- Task details
All pictures are to be excluded when the data below is output verbatim.

Segment Start: Available data

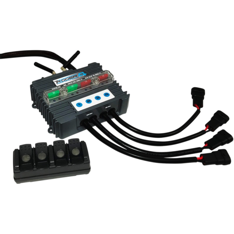 Control box:, 4 channels, 2 x 30 amp circuits, 2 x 10 amp circuits, All Solid State, 12-24 volt, battery powered RF Remote with universal mount system, Bluetooth control from phone/tablet app, Manual buttons for on/off on top of case, 12 to 24 volt out with waterproof connectors, Fuses built in, waterproof cover (30 amp – 1 and 2, 10 amp – 3 and 4), LEDs to indicate relay on and if fuse is blown, blue for circuit on, red for blown fuse, Waterproof case design, withstands temps to 250 deg. F and -20 deg. F below freezing, RF Remote:, 2.4 ghz frequency hopping RF connection to control box, Replaceable battery power, Back lit with the press of a button, App Control:, Apps for both Android and iOS with simple interface for turning on and off the 4 channels, Harnesses:, Kit includes wire harnesses with the mating connector to the control box on one end and blank wires on the other; Two 10 gauge, two 12 gauge
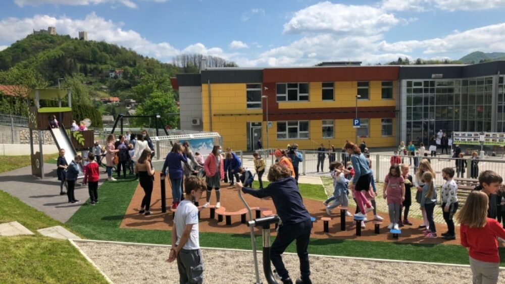 Prireditev ob odprtju novega otroškega igrišča z učilnico na prostem je, zaradi epidemije korona virusa, potekala ob upoštevanju vseh epidemioloških vladnih ukrepov Prireditve so se udeležili gostje z Mestne občine Celje, zbrane pa je nagovorila ravnateljica šole, gospa Danica Šalej. Župan Bojan Šrot je ob pomoči učencev šole ter otrok iz vrtca igrišče predal svojemu namenu. Igrišče je sicer bilo urejeno že v letu 2019, vendar ga otroci zaradi ukrepov za zajezitev epidemije niso mogli uporabljati. Mestna občina Celje je za 60 000 € odkupila sosednje zemljišče s hišo, ki je bilo v zasebni lasti. Julija 2017 so se začela prva gradbena dela. Zraslo je igrišče z različnimi igrali, poleg njega pa še učilnica na prostem. Ureditev je stala približno 100 000 €. Šola je s pomočjo donatorjev in z organizacijo dveh dobrodelnih koncertov v letih 2018 in 2019 zbrala 18 000 €, ostalo je občina financirala iz občinskega proračuna.
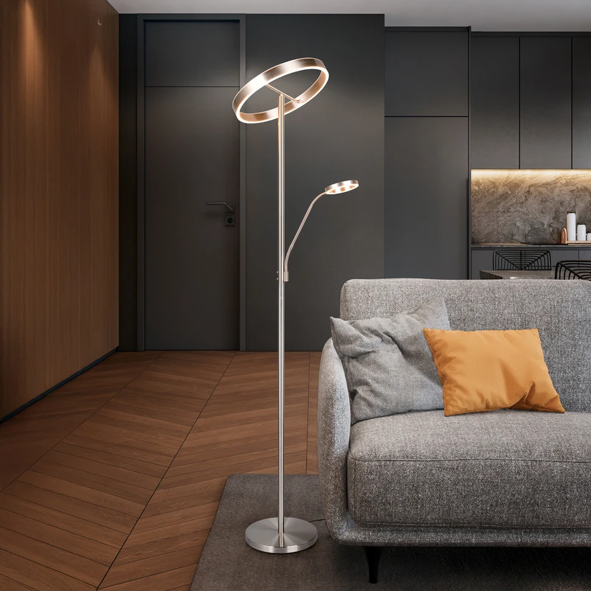 Moderne Willis LED-gulvlampe med læselampe, sensordæmper og CCT-funktion Willis LED-gulvlampe af metal er en moderne og alsidig lyskilde. Hovedlyskilden er placeret i det ringformede, sideværts vipbare hoved og giver direkte og indirekte belysning. Der er også en læselampe på stellet, som kan justeres frit takket være en fleksibel arm. Begge lyskilder kan tændes separat. Lysstyrken kan justeres ved hjælp af en sensordæmper, og der er også en CCT-funktion til styring af farvetemperaturen i tre trin.

Segment End: Available data

- Answer section
 Control box:, 4 channels, 2 x 30 amp circuits, 2 x 10 amp circuits, All Solid State, 12-24 volt, battery powered RF Remote with universal mount system, Bluetooth control from phone/tablet app, Manual buttons for on/off on top of case, 12 to 24 volt out with waterproof connectors, Fuses built in, waterproof cover (30 amp – 1 and 2, 10 amp – 3 and 4), LEDs to indicate relay on and if fuse is blown, blue for circuit on, red for blown fuse, Waterproof case design, withstands temps to 250 deg. F and -20 deg. F below freezing, RF Remote:, 2.4 ghz frequency hopping RF connection to control box, Replaceable battery power, Back lit with the press of a button, App Control:, Apps for both Android and iOS with simple interface for turning on and off the 4 channels, Harnesses:, Kit includes wire harnesses with the mating connector to the control box on one end and blank wires on the other; Two 10 gauge, two 12 gauge
 Prireditev ob odprtju novega otroškega igrišča z učilnico na prostem je, zaradi epidemije korona virusa, potekala ob upoštevanju vseh epidemioloških vladnih ukrepov Prireditve so se udeležili gostje z Mestne občine Celje, zbrane pa je nagovorila ravnateljica šole, gospa Danica Šalej. Župan Bojan Šrot je ob pomoči učencev šole ter otrok iz vrtca igrišče predal svojemu namenu. Igrišče je sicer bilo urejeno že v letu 2019, vendar ga otroci zaradi ukrepov za zajezitev epidemije niso mogli uporabljati. Mestna občina Celje je za 60 000 € odkupila sosednje zemljišče s hišo, ki je bilo v zasebni lasti. Julija 2017 so se začela prva gradbena dela. Zraslo je igrišče z različnimi igrali, poleg njega pa še učilnica na prostem. Ureditev je stala približno 100 000 €. Šola je s pomočjo donatorjev in z organizacijo dveh dobrodelnih koncertov v letih 2018 in 2019 zbrala 18 000 €, ostalo je občina financirala iz občinskega proračuna.
 Moderne Willis LED-gulvlampe med læselampe, sensordæmper og CCT-funktion Willis LED-gulvlampe af metal er en moderne og alsidig lyskilde. Hovedlyskilden er placeret i det ringformede, sideværts vipbare hoved og giver direkte og indirekte belysning. Der er også en læselampe på stellet, som kan justeres frit takket være en fleksibel arm. Begge lyskilder kan tændes separat. Lysstyrken kan justeres ved hjælp af en sensordæmper, og der er også en CCT-funktion til styring af farvetemperaturen i tre trin.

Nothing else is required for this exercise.